The tricky point is that the term "entropy" is very often misused. In general terms, the situation is the following:

  • A computer is a deterministic machine. From knowledge of its complete state (contents of disk, RAM and CPU registers) at a time $T$, one can compute its behaviour and state at any time $T' > T$, as long as no new unknown information is injected. Conceptually, this is about simulating the machine.

  • The attacker's goal is to try to recover the state at the time of key generation, in order to be able to simulate the key generation process and thus obtain the private key. However, the attacker does not know everything about the state, so he will have to "guess", i.e. to try possible values for the information he lacks. This is known as "brute force".

  • "That which the attacker does not know" can be quantified into the notion of "entropy": we will say that the state has an entropy of $n$ bits if the best possible brute force strategy will require, on average, $2^{n-1}$ tries before hitting the right one.

    Note that this notion does not require that the unknown information is exactly a sequence of uniformly random bits. The definition is such that if the attacker knows everything except $n$ bits, which are (from the point of view of the attacker) exactly random, uniform, and independent of each other, then the entropy is $n$ bits. In a more practical setup, the "entropy bits" come from measures of physical events (e.g. precise timing of interrupts originating from the hardware); these measure will be encoded over a lot more than $n$ bits. This is not that much a problem since we can always somehow "concentrate" entropy bits by hashing all them together.

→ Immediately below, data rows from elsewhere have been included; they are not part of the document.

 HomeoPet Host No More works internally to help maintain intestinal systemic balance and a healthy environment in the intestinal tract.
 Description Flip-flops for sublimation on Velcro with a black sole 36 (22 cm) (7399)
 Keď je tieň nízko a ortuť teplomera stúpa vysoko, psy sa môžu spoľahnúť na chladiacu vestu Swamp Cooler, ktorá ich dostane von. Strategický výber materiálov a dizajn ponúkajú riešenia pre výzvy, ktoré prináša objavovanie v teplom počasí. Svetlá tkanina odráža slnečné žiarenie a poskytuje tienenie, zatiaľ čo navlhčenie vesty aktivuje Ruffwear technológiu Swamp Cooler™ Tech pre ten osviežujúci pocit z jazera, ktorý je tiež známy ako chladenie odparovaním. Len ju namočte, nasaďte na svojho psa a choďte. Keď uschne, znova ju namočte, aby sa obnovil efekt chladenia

If the attacker-unknown data is a single byte, then the attacker will just have to try at most $256$ possible values (and on average $128$) to recover the private key. This is the same as saying that 8 bits cannot contain more than 8 bits of entropy (and may contain less if the attacker has some partial knowledge of the byte, e.g. he knows whether some values are more probable than other).

The amount of needed entropy is basically: "enough to make brute force stupidly expensive". "128 bits" are the traditional value for "way too much" (it's the new tradition; twenty years ago, we would have used 80 bits, but the relentless advances in technology and economics make an $2^{80}$ computation task less ludicrous than what it used to be). If your private key is generated with a cryptographically secure PRNG which is itself seeded with attacker-unknown data that cumulate at least 128 bits of entropy, then, by definition, brute-forcing that entropy is unfeasible (the attacker won't be able to try more than a negligibly small fraction of the space of possible values), and the job is done.

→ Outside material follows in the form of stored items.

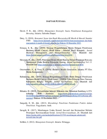 Perkembangan industri makanan dan minuman di Indonesia semakin bekembangan pesat. Pada penelitian kali ini objek penelitian yang dituju yaitu usaha Van Healthy Juice sebagai salah satu usaha kuliner yang ada di Indonesia. Persaingan yang semakin kuat dan ketat membuat usaha Nukusalad harus berpikir lebih keras agar dapat bertahan menghadapi pesaingan bisnis dengan menggunakan perumusan strategi yang tepat. Perumusan masalah pada penelitian ini adalah Bagaimana upaya strategi pengembangan usaha Van Healthy Juice dengan menggunakan Business Model Canvas. Tujuan penelitian ini untuk menentukan strategi pengembangan usaha Van Healthy Juice berdasarkan Business Model Canvas. Pengetahuan tentang lingkungan internal dan eksternal dari usaha ini merupakan sumber utama untuk merumuskan BMC. Metode pengumpulan data yang digunakan dalam penelitian ini yaitu wawancara dan ke pihak internal usaha. Alat analisis yang akan dipakai untuk mengolah data dari lapangan adalah Matriks Business Model Canvas. Dari hasil penelitian ini bahwa Usaha Van Healthy Juice telah memenuhi kesembilan elemen dari business model canvas. Namun, elemen bisnis di usaha Van Healthy Juice saat ini masih memiliki kelemahan sehingga perlu menciptakan strategi yang dihasilkan dari perbaikan business model canvas seperti sering mengadakan promo dan bonus, memaksimalkan pemasaran menggunakan media online, menambah investor sebagai tambahan modal usaha, melakukan inovasi produk dan packaging, memberi bonus bagi konsumen yang setia, menargetkan konsumen dari luar kota kudus, moderenisasi dan penambahan mesin produksi, melakukan cross promotion, menambah varian ukuran kemasan dan melakukan promosi iklan & endorsement. Kata Kunci : Business Model Canvas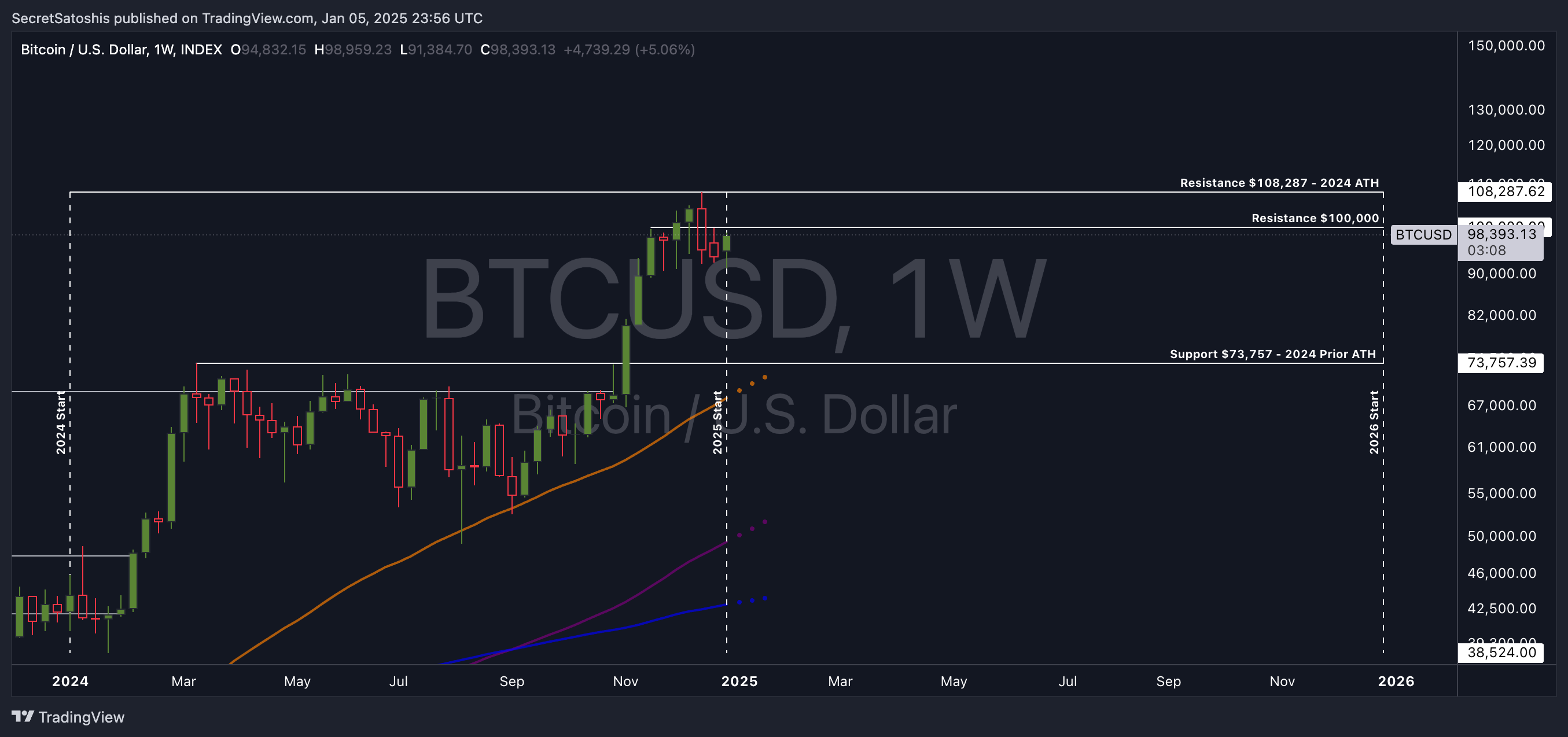 The weekly Bitcoin price chart for BTC/USD reveals the following key data points: the opening price was $94,822, the highest price reached was $98,859, the lowest price recorded was $91,384, and the closing price settled at $98,393.
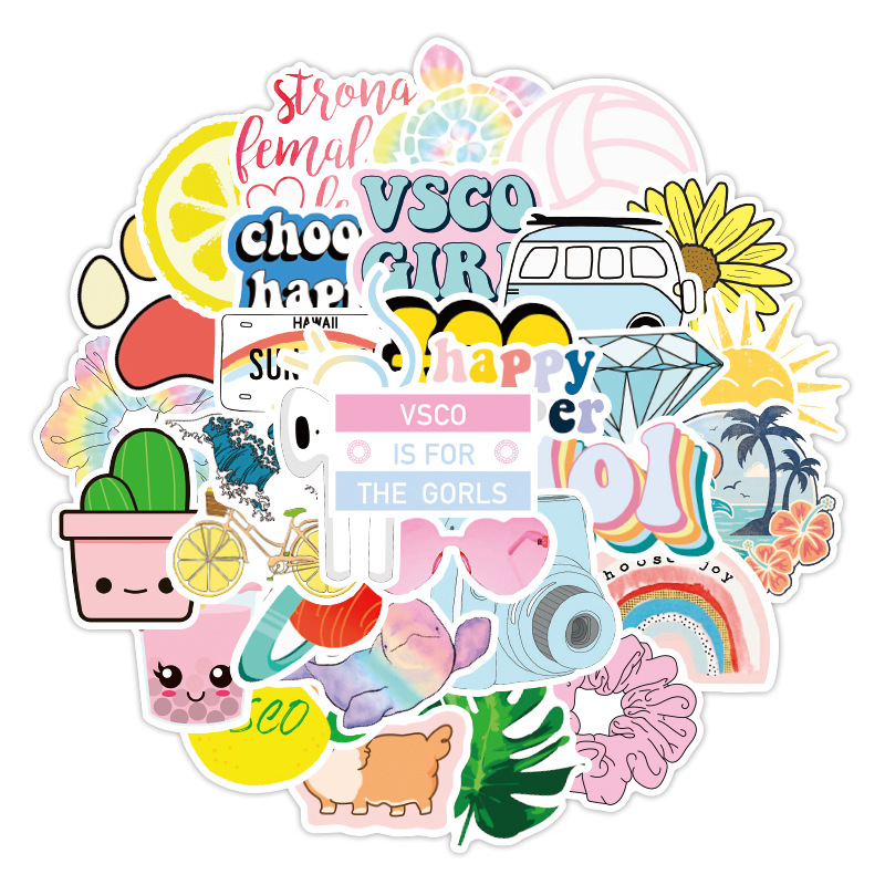 50pcs Lot Colorful Vsco Stickers Hydro Flask Water Bottle Vinyl

Note that an attacker gets to choose between trying to brute-force the generation seed, and trying to unravel the private key from the public key using its mathematical structure (e.g. trying to factorize the modulus, in the case of RSA keys). He will use the strategy that is easiest for him. In that sense, you "just" need enough entropy to make mathematical breaks easier than PRNG seed brute-force. In practice you inject enough entropy to make brute-forcing unfeasible, and you use asymmetric keys such that mathematically breaking them is not feasible either (e.g. with RSA, use 2048 bits or more).

Some people argue that if quantum computers ever come to fruition, then, in some sense (and with a lot of usually unspoken caveats), an attacker with a quantum computer could quantum-brute-force an $n$-bit PRNG seed with cost $2^{n/2}$ only (with a variant of Grover's algorithm); thus, "256 bits" would be needed to protect against that. On the other hand, a working quantum computer would break through the mathematics of a RSA, DSA, DH or elliptic curve key with extreme efficiency, making the point moot: as long as you use RSA, you are making the bet that quantum computers do not exist (and, for now, this is not that bad a bet).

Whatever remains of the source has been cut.